Il pubblico ministero, facendo un passo indietro, ha poi chiesto conto a De Sena di ciò che ricordava circa il fallito attentato all’Addaura, nel 1989, contro Giovanni Falcone: “Una sera a Roma (La Barbera, ndr) mi parlò” della presenza all’Addaura “del dottor D’Antone – il questore Ignazio D’Antone, condannato nel 2004 per concorso esterno per aver favorito la latitanza di due boss – che era stato riconosciuto dal – maresciallo Tumino” (l’artificere dei Carabinieri che distrusse l’innesco sarà poi condannato per calunnia) aggiungendo che “il dottor La Barbera criticò pesantemente questa affermazione” in quanto “lui stesso aveva constatato che D’Antone non era presente in quella circostanza”. Nulla da dire, però, sulla possibilità che l’episodio fosse collegato ad un eventuale depistaggio al riguardo, o su occasionali confidenze dell’ex questore di Palermo circa possibili piste investigative.
Sono poi seguite alcune domande in merito all’omicidio del poliziotto Nino Agostino e alla scomparsa di Emanuele Piazza, agente 007 la cui rete di informatori avrebbe reso possibile la cattura di diversi latitanti: “Lo incontrai personalmente all’hotel Delle Palme di Palermo” ha ribadito De Sena, che si era occupato di far entrare Piazza nei servizi proprio perchè “la sua catena di informatori poteva consentire di catturare personaggi interessanti”. Le indagini aperte a seguito dei due delitti furono date a due poliziotti agli ordini di La Barbera: uno è indagato per depistaggio per la morte di Agostino, l’altro, Vincenzo Di Blasi, è stato condannato nel 2006 a sette anni per favoreggiamento nei confronti del clan dei Graviano.

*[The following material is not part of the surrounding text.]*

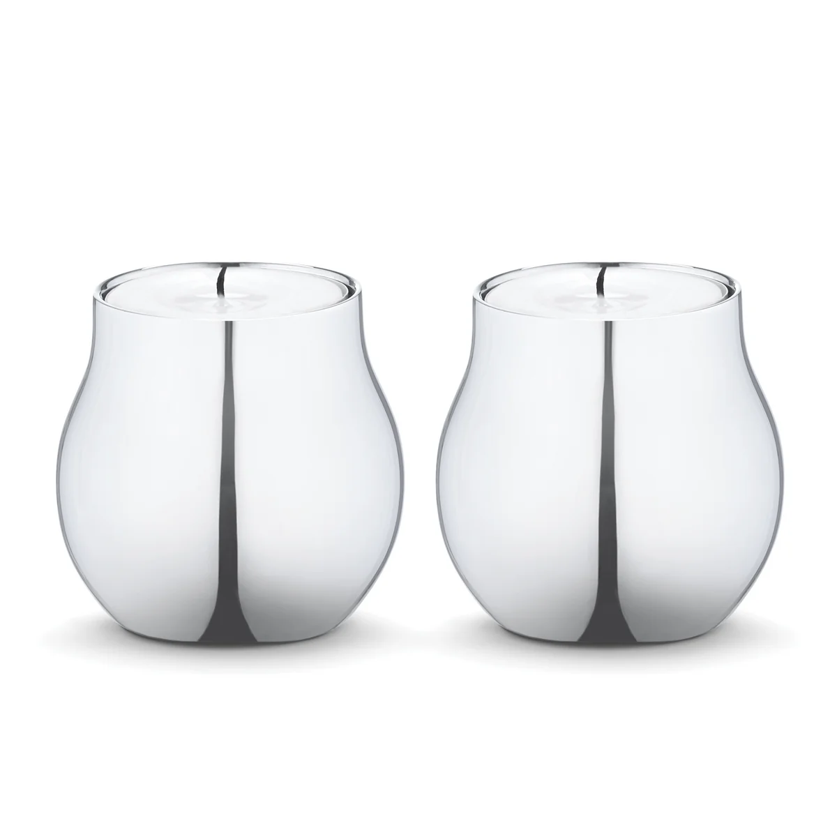 De theelichtjes passen in het omvangrijke ontwerp van de Cafu votiefkaarsenhouder en zijn daarmee in harmonie wanneer ze samen een tafel versieren, of wanneer ze gewoon een ladekast opfleuren. Het hoogglans gepolijste roestvrijstaal benadrukt het edele design, dat door de gehele Cafu-collectie van Georg Jensen loopt.

Fu proprio Di Blasi a introdurre Piazza al Sisde attraverso De Sena, allora prefetto.
Vincenzo Biagio Paradiso e quella telefonata del boss dell’Arenella
L’esame dei testi è proseguito con Vincenzo Biagio Paradiso, che dal 1991 lavorava – inizialmente come collaboratore – presso il Ce.ri.s.di (Centro Ricerche e Studi Direzionali) a Castello Utveggio. Nello specifico viene chiesto conto al teste di una telefonata partita dall’utenza di Gaetano Scotto – boss dell’Arenella accusato di aver partecipato alla preparazione della strage di via D’Amelio – a quella di Paradiso, nella sua abitazione, il giorno 6 febbraio 1992. Due minuti dopo la conversazione individuata sui tabulati, una seconda, sempre dal telefono mobile di Scotto, raggiunge il centralino del Ce.ri.s.di. Paradiso, però, ha ribadito che “come ho già detto non ho mai potuto ricordare, non le so rispondere”. Così come “non so dare spiegazioni” al fatto che non vi sia traccia della telefonata tra le annotazioni del centralino, nonostante la prassi sia sempre stata quella di registrare ogni telefonata ricevuta. Inoltre, nulla Paradiso sostiene di aver notato, dall’alto di Castello Utveggio, subito dopo la strage di via D’Amelio, sebbene il posto offra un ottima visuale della via nella quale la 126 imbottita di tritolo attendeva il giudice Borsellino.
Con l’esame di tale Marchese, esponente dei Servizi tuttora operativo (avvenuto a porte chiuse, della durata di poco più di cinque minuti), si è conclusa l’udienza del processo che riprenderà il 26 novembre.